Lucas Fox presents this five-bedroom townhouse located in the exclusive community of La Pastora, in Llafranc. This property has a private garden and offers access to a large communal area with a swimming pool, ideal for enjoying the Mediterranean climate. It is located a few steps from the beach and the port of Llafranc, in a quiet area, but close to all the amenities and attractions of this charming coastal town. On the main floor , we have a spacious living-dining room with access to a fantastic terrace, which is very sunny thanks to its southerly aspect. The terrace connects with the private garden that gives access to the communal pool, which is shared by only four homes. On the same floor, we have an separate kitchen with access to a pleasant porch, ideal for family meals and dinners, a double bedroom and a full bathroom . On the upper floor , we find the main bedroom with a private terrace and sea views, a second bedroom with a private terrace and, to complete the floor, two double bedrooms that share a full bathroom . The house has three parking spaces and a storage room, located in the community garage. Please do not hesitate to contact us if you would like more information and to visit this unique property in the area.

* * * *

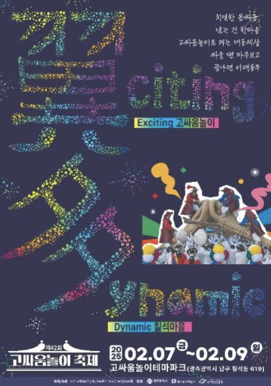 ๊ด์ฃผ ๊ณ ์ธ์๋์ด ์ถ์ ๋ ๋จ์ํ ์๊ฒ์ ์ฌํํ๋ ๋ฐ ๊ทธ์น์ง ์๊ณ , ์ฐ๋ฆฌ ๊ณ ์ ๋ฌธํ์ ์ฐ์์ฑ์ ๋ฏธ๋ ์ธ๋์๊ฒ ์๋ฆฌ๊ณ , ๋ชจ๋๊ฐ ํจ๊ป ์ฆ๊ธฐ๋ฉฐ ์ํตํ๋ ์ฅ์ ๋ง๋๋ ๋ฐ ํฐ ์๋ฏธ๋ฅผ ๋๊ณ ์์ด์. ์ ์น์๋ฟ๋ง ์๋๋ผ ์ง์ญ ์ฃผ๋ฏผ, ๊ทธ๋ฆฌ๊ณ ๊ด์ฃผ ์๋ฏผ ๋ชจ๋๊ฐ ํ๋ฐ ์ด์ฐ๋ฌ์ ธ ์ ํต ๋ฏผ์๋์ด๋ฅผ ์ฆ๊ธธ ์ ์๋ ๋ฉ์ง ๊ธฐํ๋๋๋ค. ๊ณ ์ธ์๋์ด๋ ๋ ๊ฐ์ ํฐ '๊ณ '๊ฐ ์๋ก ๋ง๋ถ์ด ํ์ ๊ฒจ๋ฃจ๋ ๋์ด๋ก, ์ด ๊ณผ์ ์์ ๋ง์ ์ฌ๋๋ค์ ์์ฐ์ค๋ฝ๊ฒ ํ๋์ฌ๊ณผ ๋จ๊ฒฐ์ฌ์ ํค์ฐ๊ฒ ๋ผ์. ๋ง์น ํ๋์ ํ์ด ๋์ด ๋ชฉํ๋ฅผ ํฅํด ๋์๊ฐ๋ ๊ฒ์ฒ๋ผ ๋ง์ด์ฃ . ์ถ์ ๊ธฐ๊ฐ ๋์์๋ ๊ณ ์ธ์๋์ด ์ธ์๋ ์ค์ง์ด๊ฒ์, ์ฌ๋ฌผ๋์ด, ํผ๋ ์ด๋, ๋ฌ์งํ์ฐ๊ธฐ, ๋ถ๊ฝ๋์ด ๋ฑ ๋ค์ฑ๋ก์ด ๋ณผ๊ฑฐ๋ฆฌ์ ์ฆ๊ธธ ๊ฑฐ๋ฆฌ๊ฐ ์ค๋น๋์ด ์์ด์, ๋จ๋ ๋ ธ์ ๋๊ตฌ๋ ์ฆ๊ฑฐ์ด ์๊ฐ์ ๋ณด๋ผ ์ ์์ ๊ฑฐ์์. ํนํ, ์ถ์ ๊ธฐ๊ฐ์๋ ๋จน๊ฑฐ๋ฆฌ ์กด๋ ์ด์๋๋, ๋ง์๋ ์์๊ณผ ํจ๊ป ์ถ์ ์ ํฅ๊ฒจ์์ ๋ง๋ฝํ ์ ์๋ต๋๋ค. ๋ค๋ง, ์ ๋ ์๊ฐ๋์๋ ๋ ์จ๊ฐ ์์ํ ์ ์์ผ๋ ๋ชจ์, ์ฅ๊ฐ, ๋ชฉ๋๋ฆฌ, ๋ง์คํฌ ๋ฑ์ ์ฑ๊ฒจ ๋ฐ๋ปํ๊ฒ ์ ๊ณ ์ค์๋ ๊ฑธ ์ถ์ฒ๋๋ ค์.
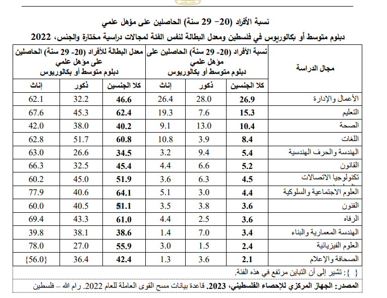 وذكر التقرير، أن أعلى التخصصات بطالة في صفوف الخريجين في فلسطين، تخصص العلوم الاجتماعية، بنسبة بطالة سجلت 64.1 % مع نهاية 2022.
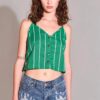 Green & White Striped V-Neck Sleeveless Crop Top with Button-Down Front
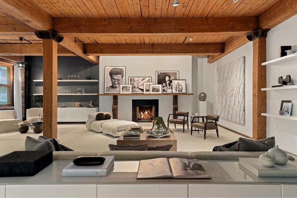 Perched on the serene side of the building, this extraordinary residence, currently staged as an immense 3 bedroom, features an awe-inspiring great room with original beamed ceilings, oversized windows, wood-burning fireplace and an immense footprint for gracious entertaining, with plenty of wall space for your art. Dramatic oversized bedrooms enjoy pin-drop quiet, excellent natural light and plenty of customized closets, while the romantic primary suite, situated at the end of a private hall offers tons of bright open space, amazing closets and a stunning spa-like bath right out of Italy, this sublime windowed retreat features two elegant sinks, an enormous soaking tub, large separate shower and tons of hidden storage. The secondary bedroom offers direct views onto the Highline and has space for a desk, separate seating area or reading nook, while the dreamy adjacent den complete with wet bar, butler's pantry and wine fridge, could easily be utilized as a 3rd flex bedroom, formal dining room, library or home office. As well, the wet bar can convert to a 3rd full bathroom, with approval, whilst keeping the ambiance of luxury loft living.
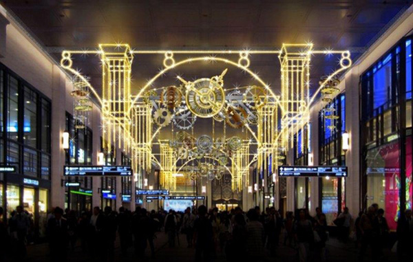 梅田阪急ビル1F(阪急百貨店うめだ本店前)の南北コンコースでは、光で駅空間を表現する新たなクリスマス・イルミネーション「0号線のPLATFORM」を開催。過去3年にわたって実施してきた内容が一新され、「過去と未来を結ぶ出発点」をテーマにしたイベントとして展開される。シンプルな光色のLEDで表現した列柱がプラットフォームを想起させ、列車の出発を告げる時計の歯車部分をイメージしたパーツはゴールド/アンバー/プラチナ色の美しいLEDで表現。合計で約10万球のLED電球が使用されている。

* * * *

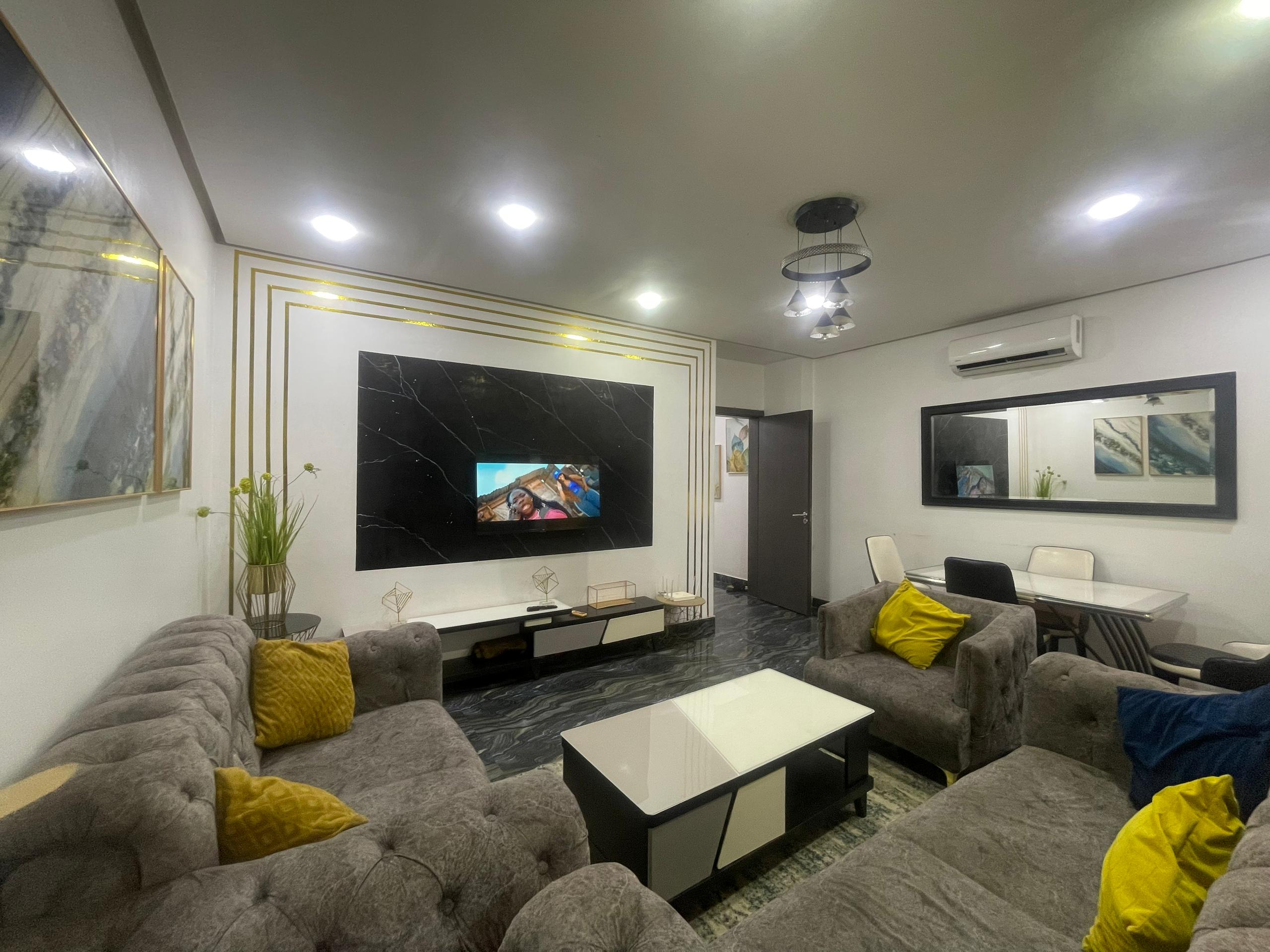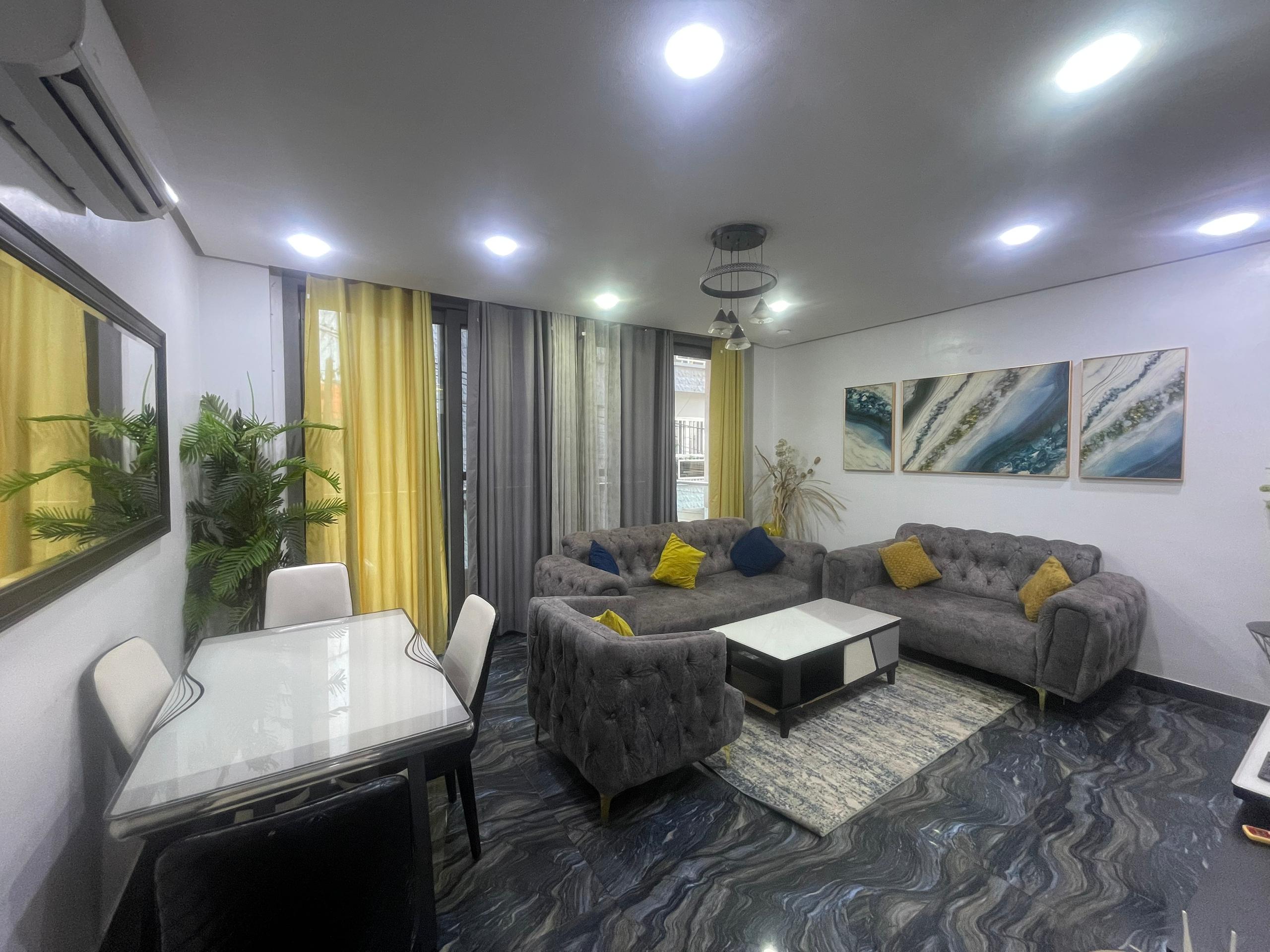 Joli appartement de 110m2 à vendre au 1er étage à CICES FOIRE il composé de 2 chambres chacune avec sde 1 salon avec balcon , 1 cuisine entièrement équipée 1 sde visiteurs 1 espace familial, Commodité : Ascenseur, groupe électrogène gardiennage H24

* * * *

- [TASK]:
Having found the line with "وذكر التقرير، أن" and the line with "Green & White" in the material above, write out exactly those two and every line between, leaving the pictures out.

- [WRITTEN SOLUTION]:
 وذكر التقرير، أن أعلى التخصصات بطالة في صفوف الخريجين في فلسطين، تخصص العلوم الاجتماعية، بنسبة بطالة سجلت 64.1 % مع نهاية 2022.
 Green & White Striped V-Neck Sleeveless Crop Top with Button-Down Front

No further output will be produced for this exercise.